# I finally figured it out!



## Texatdurango (Oct 16, 2007)

You guys use fountain pens just so you can play with all the different color inks![:0]

I just got a sampler order in from Lou and these different inks are really interesting!  These new colors along with the sampler bottles I got last week, I can't figure out which ones I like best, but my penmanship is getting better the more I play!

I can see collecting pens but ink bottles?


----------



## holmqer (Oct 17, 2007)

Like any collectables, vintage ink bottles has some small degree of popularity.

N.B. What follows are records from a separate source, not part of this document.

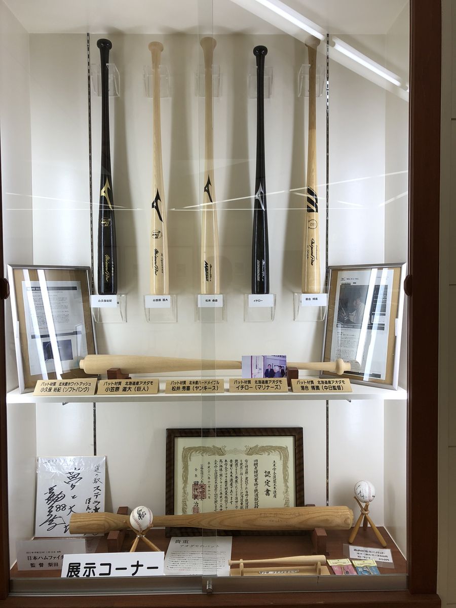 本別はアオダモの産地として有名なため、イチロー選手や松井選手などのアオダモ製バットが道の駅に展示されていますよ。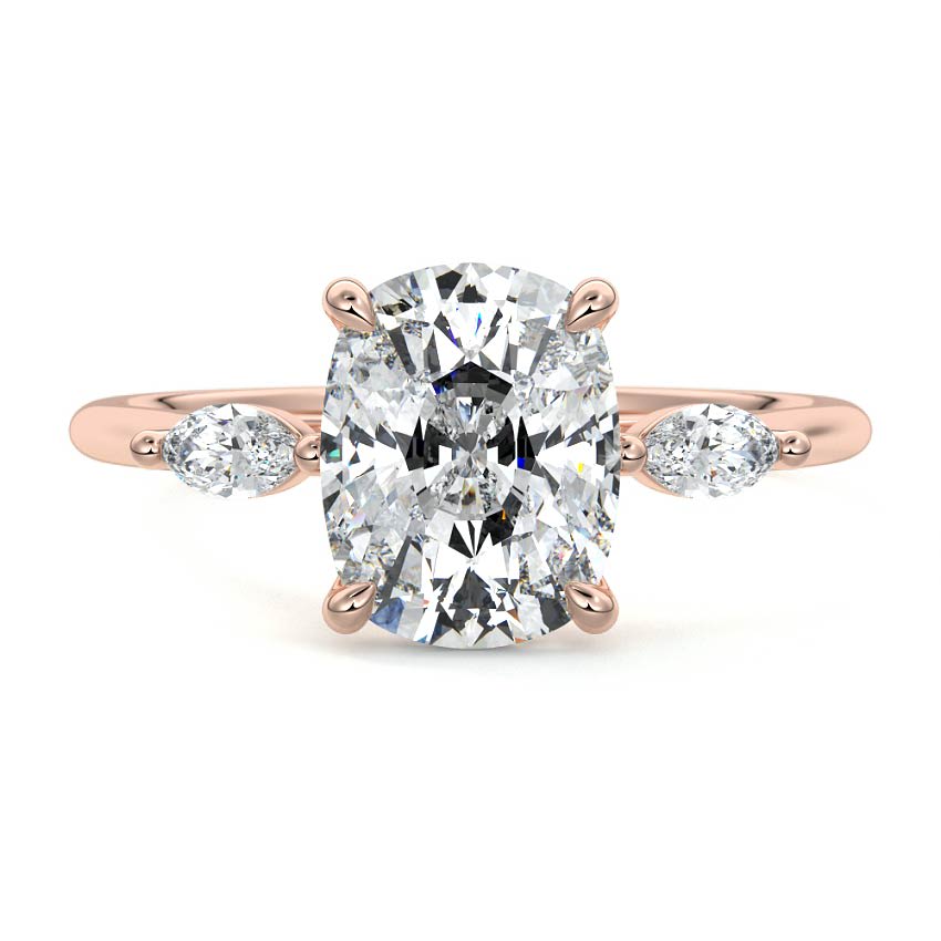This exquisite three stone engagement ring features a stunning rectangular cushion cut lab grown diamond at its heart, beautifully complemented by two elegant pear-shaped side diamonds. Set on a sleek metal band, this ring offers a harmonious blend of classic charm and radiant brilliance.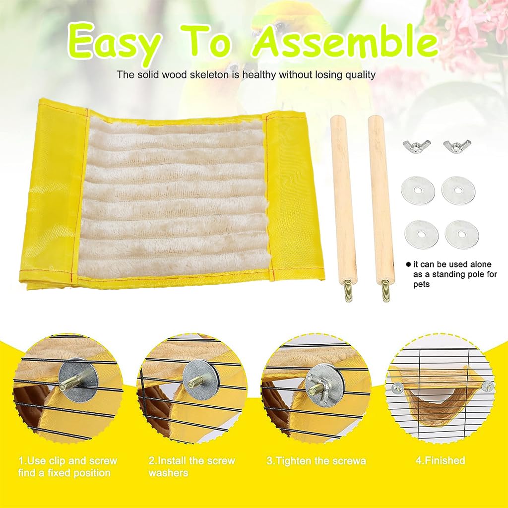 Qpets Bird Nest Parrot Bird Cage is designed as a cozy and functional retreat for small birds such as parrots, parakeets, lovebirds, and cockatoos. Measuring 23 × 18.5 × 12 cm, this yellow hammock combines high-density canvas on the outside with soft fleece inside, creating a warm and comfortable resting space. Its double-layer design encourages birds to climb, explore, and hide, while the included wooden perch allows for quick and tool-free assembly. The removable, machine-washable structure ensures easy cleaning and lasting hygiene. Offering both comfort and stimulation, Qpets provides a reliable, user-friendly bird nest that supports your pets’ well-being and enriches their living environment.

Modern ink bottles will eventually be vintage however, and many of the modern ink makers have some beautiful bottles. I stick to inks I like rather than who has the best looking ink bottle.


----------



## Scott (Oct 17, 2007)

Hi George,

I don't know about everybody else, but I certainly enjoy playing with all the different inks!

Scott.


----------



## Firefyter-emt (Oct 17, 2007)

Well, cha... 

That's an easy one to figure out!!  Tonight I had to drop off some waste motor oil at the parts store so my tank is empty and I can change the oil in my Jeep.  I got a comment on the nice brown ink in a sea of black ball point in thier log book.. 

Did I ever mention that Pear Tree Pens has a LOT of sampler's for just $4.00 shipped??? [}]


----------



## Geo in Winnipeg (Oct 17, 2007)

> _Originally posted by Firefyter-emt_
> 
> Well, cha...
> 
> ...


My wife likes the cute little eye droppers. they'r only a little extra.


----------